今村さん「毎年9月頃に『おはよう日本』の中に事務局が立ち上がり、議論してテーマを決めます。今年はどういう1年だったとか、どんなことが起きたとか。まだ9月なんですけどね(笑)。テーマが決まったら、全国の放送局に、テーマに合う中継ポイントやネタ、話題がないか募集をかけます。1か月くらいかけて探してもらって、それを事務局でまとめて中継ポイントを決めていく。今年は最終的に決まったのは11月中旬くらいでした」

 2021年→2022年は、“キーステーション”となる東京の「浅草寺」をはじめ、金色堂の修復を終えて賑わいを戻しつつある岩手県平泉町「中尊寺」、南海トラフ巨大地震に備え、市が避難所に指定した高知県高知市「弘法寺」、いまだ国際線は 2~3割、コロナ終息の日を願う「羽田空港」などが中継先に出揃った。

小原さん「キーステーションとは、キャスターが番組の進行をする、メインとなる場所。そこから全国の中継ポイントに繋いでいき、参拝客の様子やその地域で行われる伝統行事の様子を伝えていきます。中継先がお寺や神社だけにならないよう、そういったバランスも見ながら、中継ポイントを決めていきます」

 これまでの登場回数が多い場所はどこなのか。

今村さん「私の手元にある資料を数えただけなので、おおよその数ではあるのですが、浅草寺のこれまでの登場回数は10回。ほかに頻出回数が多いところですと、比叡山延暦寺、京都の知恩院、広島の厳島神社もそれぞれ10回。ということで、今回で11回目となる浅草寺が、一番登場が多い場所になるんじゃないかなと思います」

まさかの「トイレから中継」

 さまざまな場所から年越し風景を届けてきた『ゆく年くる年』。前述通り、非常に長い歴史を持つ番組だが、そもそも始まりはいつなのか。

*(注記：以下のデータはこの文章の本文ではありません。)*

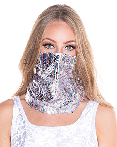 - GLAM AND SHINE - Let yourself shine in this ultra sparkly face bandana! You'll surely steal the show in this flashy Sequins Mask Bandana. These high-quality sequin bandanas are built to last!
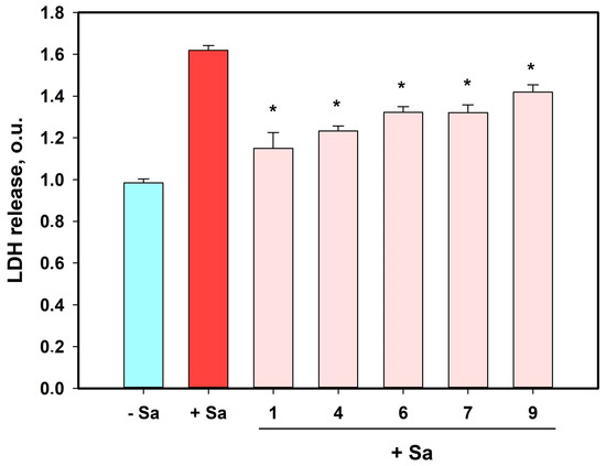 4.11. Cocultivation of HaCaT Cells with S. aureus and Lactate Dehydrigenase Release Test

小原さん資料があまり残っていないのですが、元々のルーツは昭和2年と聞いています。そのときは、増上寺から鐘を借りてきて、スタジオで108回鳴らし、それをラジオで放送したそうです。

 昭和4年には『除夜の鐘』というタイトルで中継がスタート。中継先は浅草寺でした。今のようなリレー式で中継をつなぐ形になったのは昭和7年。その後、昭和28年にテレビでの放送がスタートし、昭和30年に『ゆく年くる年』というタイトルになったようです」

『ゆく年くる年』というタイトルになってから数えても66年。これだけ長いことやっていれば、思わぬハプニングに見舞われたこともあったはずーー。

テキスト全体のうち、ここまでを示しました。